Material provided:
+ + + + +

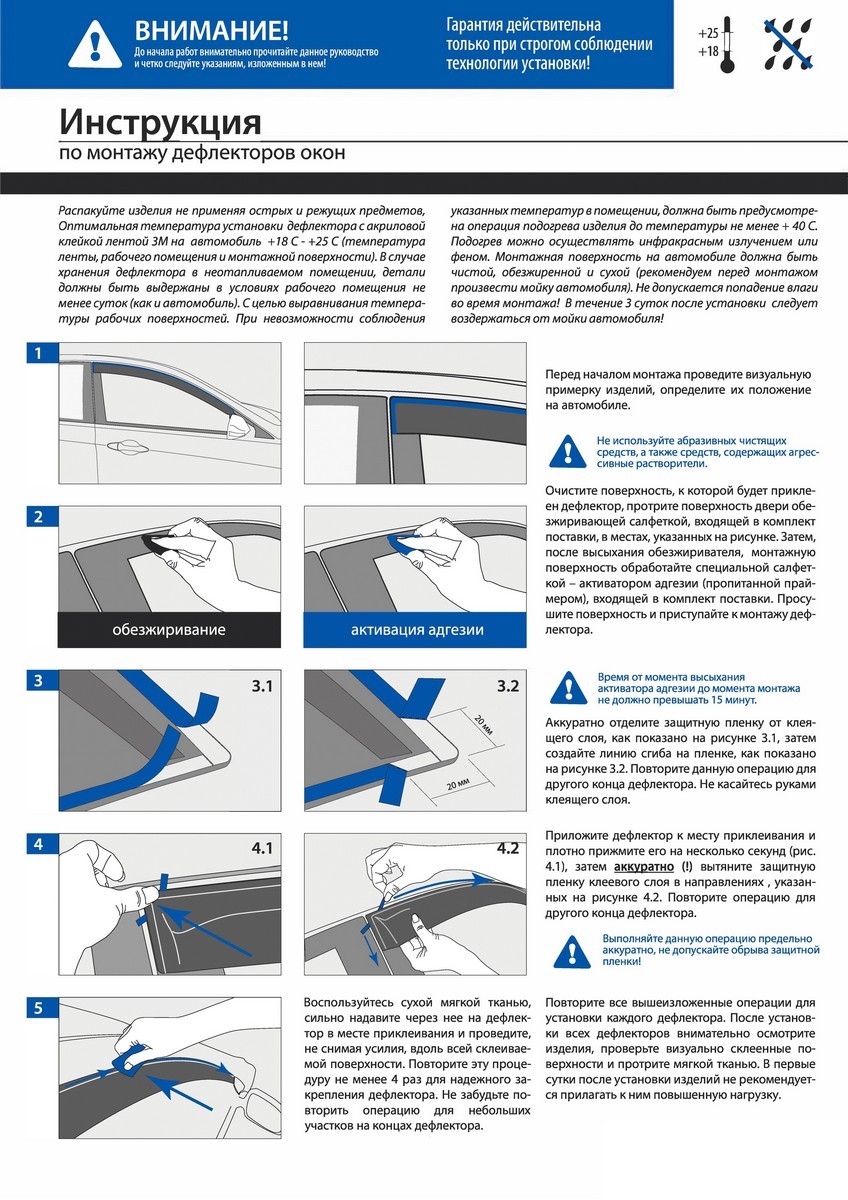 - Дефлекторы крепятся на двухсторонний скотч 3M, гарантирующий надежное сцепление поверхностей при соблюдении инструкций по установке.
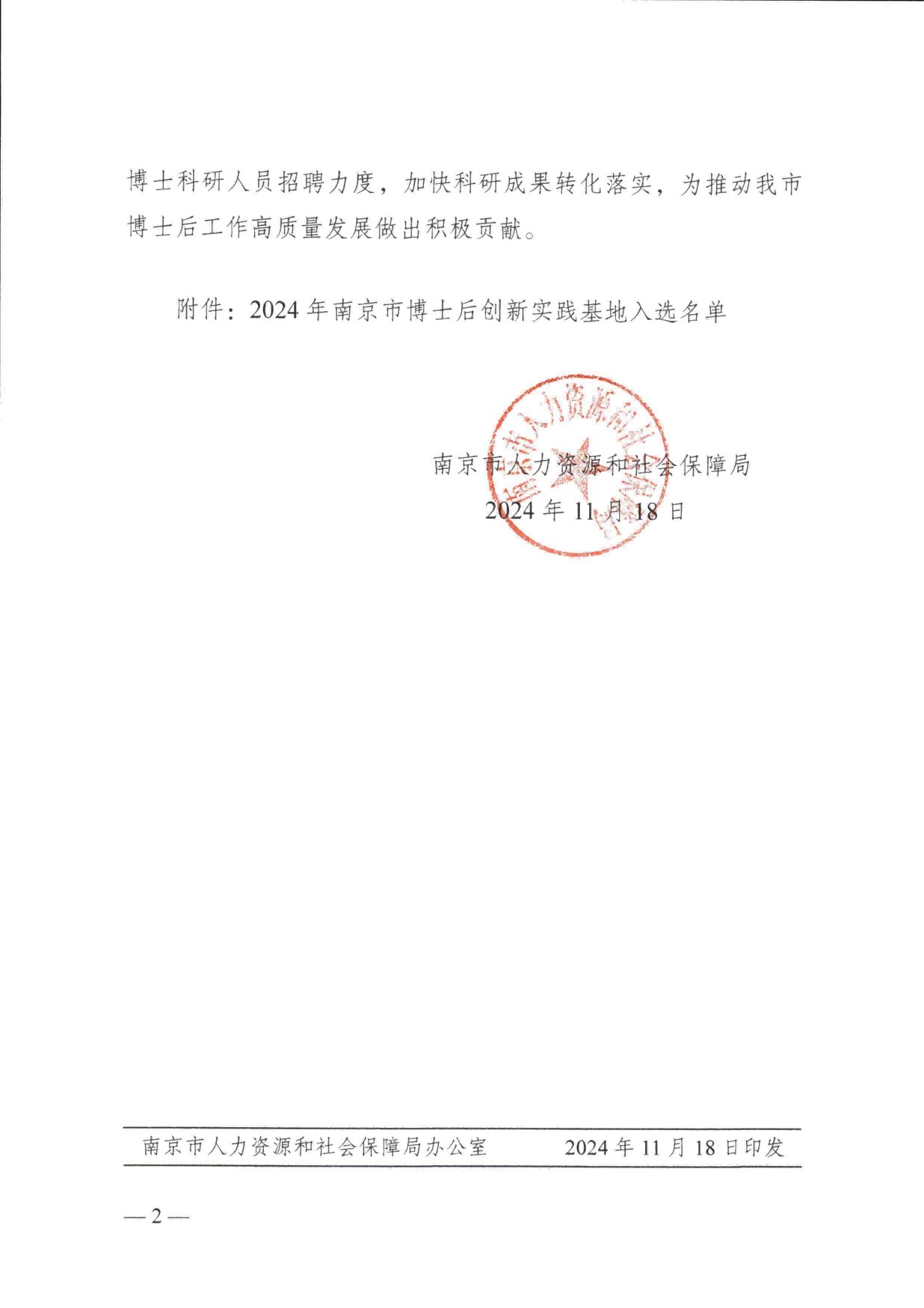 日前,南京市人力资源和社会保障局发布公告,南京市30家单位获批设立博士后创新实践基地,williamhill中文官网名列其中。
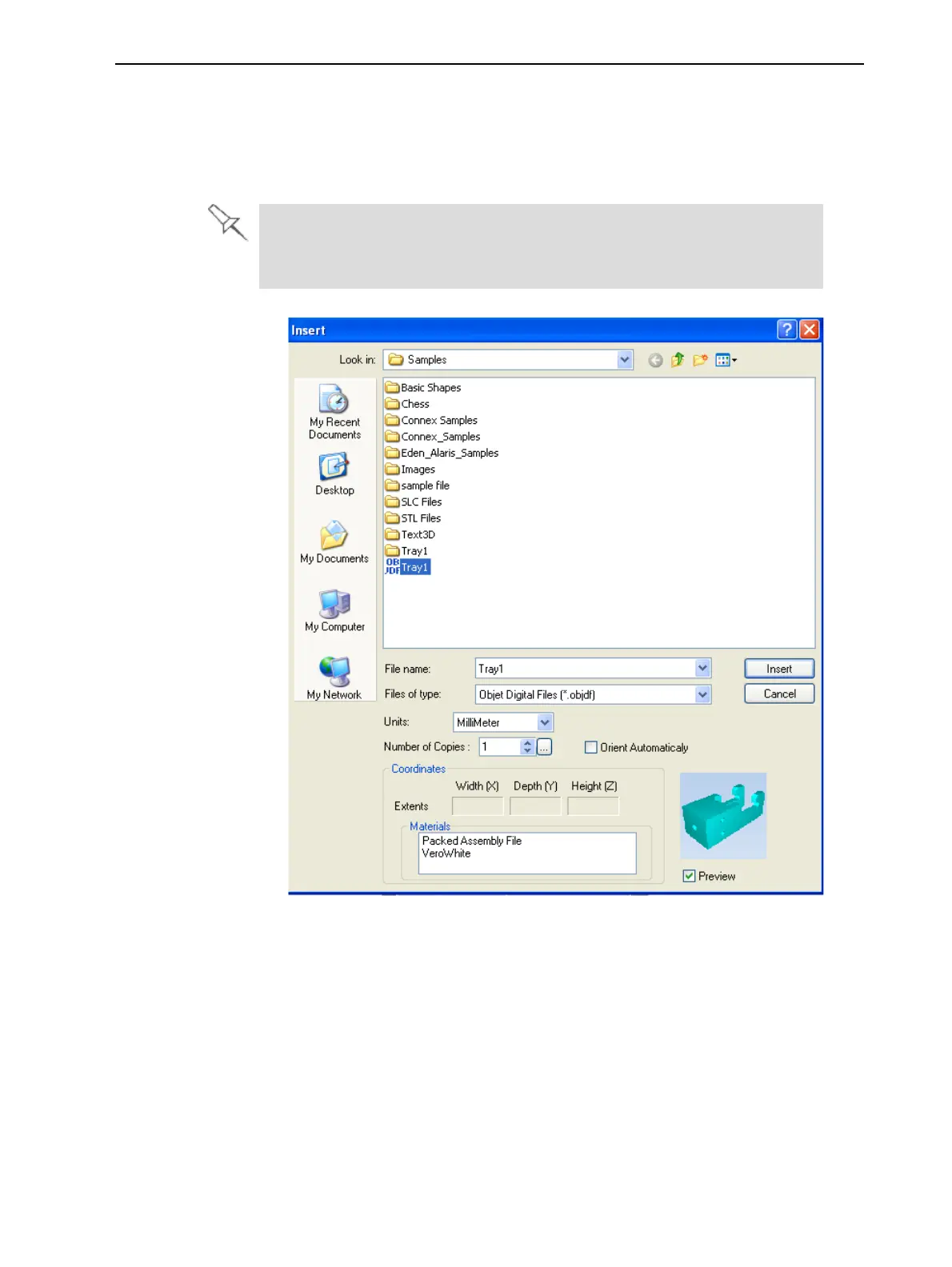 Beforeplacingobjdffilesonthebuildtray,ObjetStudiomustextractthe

+ + + + +

Working from the listing above, retype it exactly but include no images.

 - Дефлекторы крепятся на двухсторонний скотч 3M, гарантирующий надежное сцепление поверхностей при соблюдении инструкций по установке.
 日前,南京市人力资源和社会保障局发布公告,南京市30家单位获批设立博士后创新实践基地,williamhill中文官网名列其中。
 Beforeplacingobjdffilesonthebuildtray,ObjetStudiomustextractthe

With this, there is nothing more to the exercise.